### Material for this task

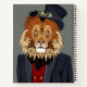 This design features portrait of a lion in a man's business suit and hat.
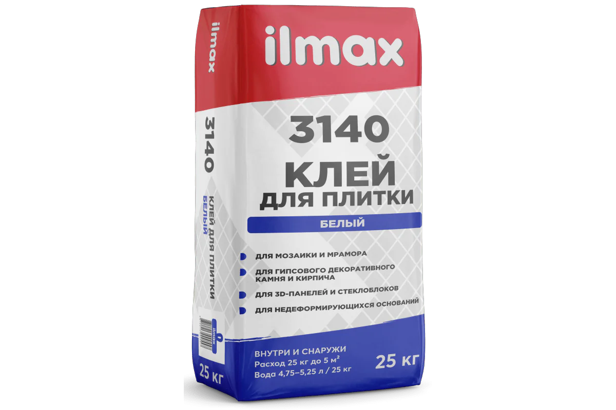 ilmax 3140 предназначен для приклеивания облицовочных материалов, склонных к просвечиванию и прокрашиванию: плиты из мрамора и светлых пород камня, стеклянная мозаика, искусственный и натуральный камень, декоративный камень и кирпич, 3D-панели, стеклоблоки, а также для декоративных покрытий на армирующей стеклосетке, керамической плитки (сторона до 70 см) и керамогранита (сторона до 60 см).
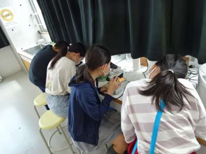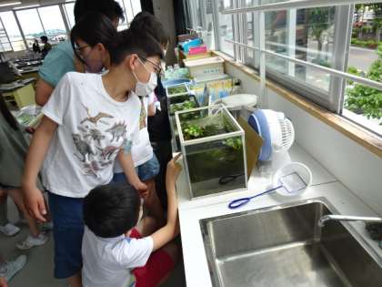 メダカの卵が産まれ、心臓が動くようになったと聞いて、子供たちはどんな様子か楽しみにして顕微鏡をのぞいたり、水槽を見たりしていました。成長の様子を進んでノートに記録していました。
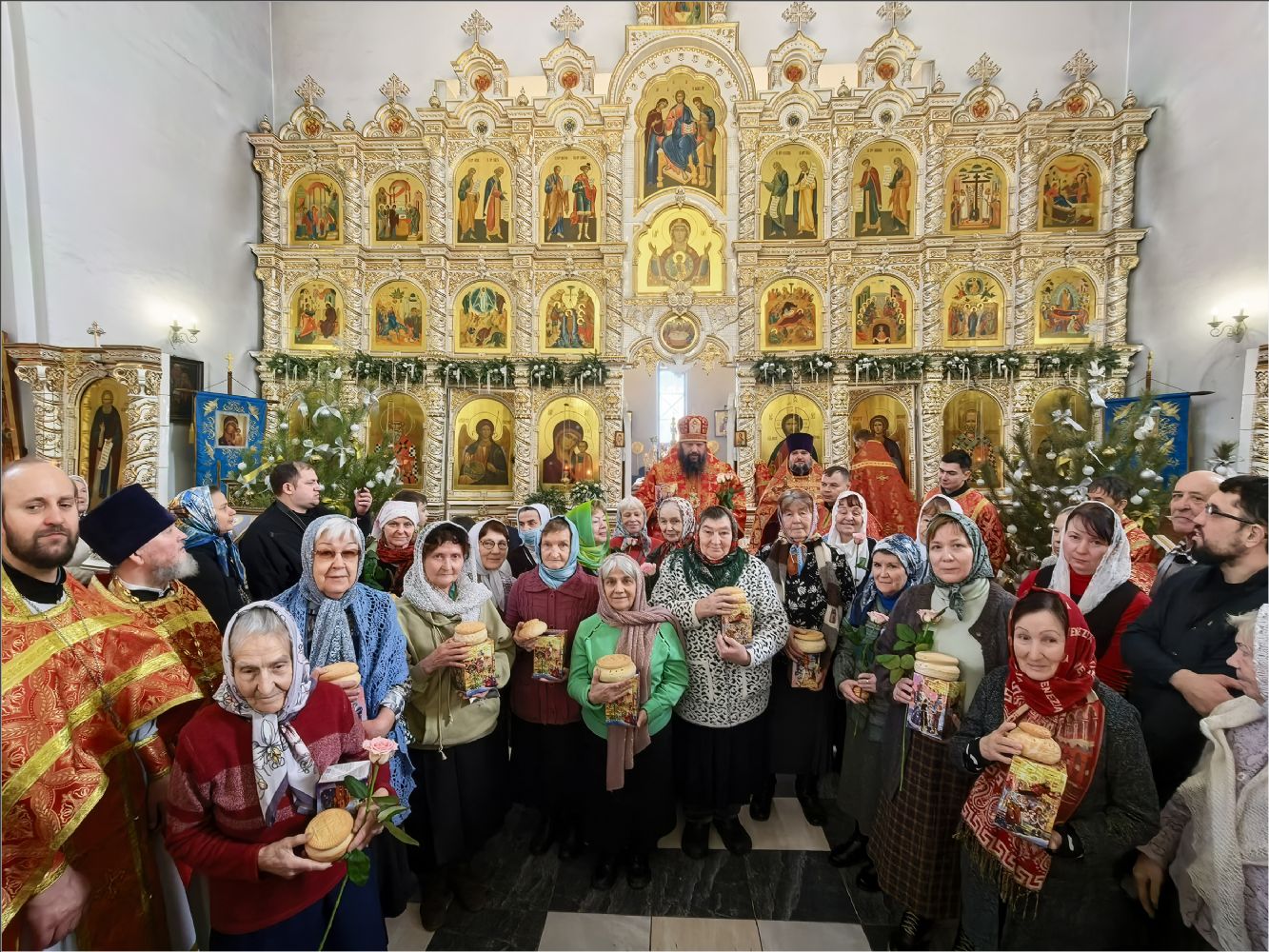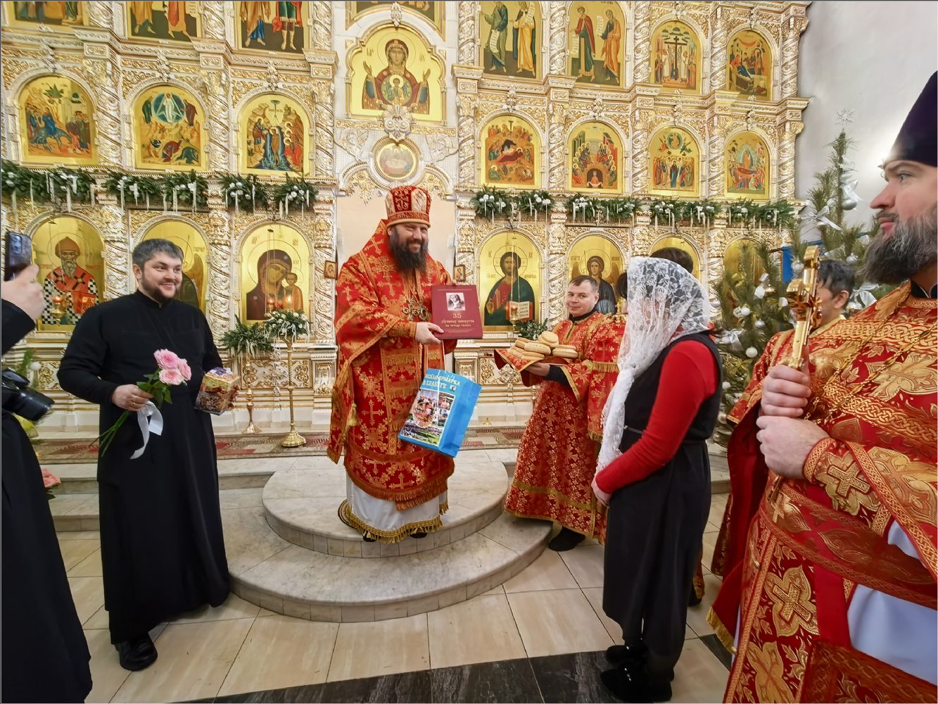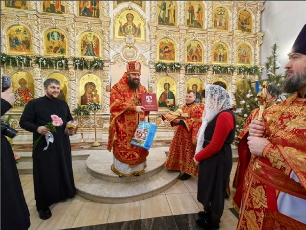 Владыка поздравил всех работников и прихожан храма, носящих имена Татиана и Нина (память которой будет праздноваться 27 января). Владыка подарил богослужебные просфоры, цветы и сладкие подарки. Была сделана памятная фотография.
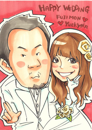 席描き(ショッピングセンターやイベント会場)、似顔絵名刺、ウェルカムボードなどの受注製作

######

--- Exercise objective ---
Beginning with the line containing "ilmax 3140 предназначен" and ending with the last line of the data above, repeat each line exactly. Include no pictures and no other lines.

--- Response to this task ---
 ilmax 3140 предназначен для приклеивания облицовочных материалов, склонных к просвечиванию и прокрашиванию: плиты из мрамора и светлых пород камня, стеклянная мозаика, искусственный и натуральный камень, декоративный камень и кирпич, 3D-панели, стеклоблоки, а также для декоративных покрытий на армирующей стеклосетке, керамической плитки (сторона до 70 см) и керамогранита (сторона до 60 см).
 メダカの卵が産まれ、心臓が動くようになったと聞いて、子供たちはどんな様子か楽しみにして顕微鏡をのぞいたり、水槽を見たりしていました。成長の様子を進んでノートに記録していました。
 Владыка поздравил всех работников и прихожан храма, носящих имена Татиана и Нина (память которой будет праздноваться 27 января). Владыка подарил богослужебные просфоры, цветы и сладкие подарки. Была сделана памятная фотография.
 席描き(ショッピングセンターやイベント会場)、似顔絵名刺、ウェルカムボードなどの受注製作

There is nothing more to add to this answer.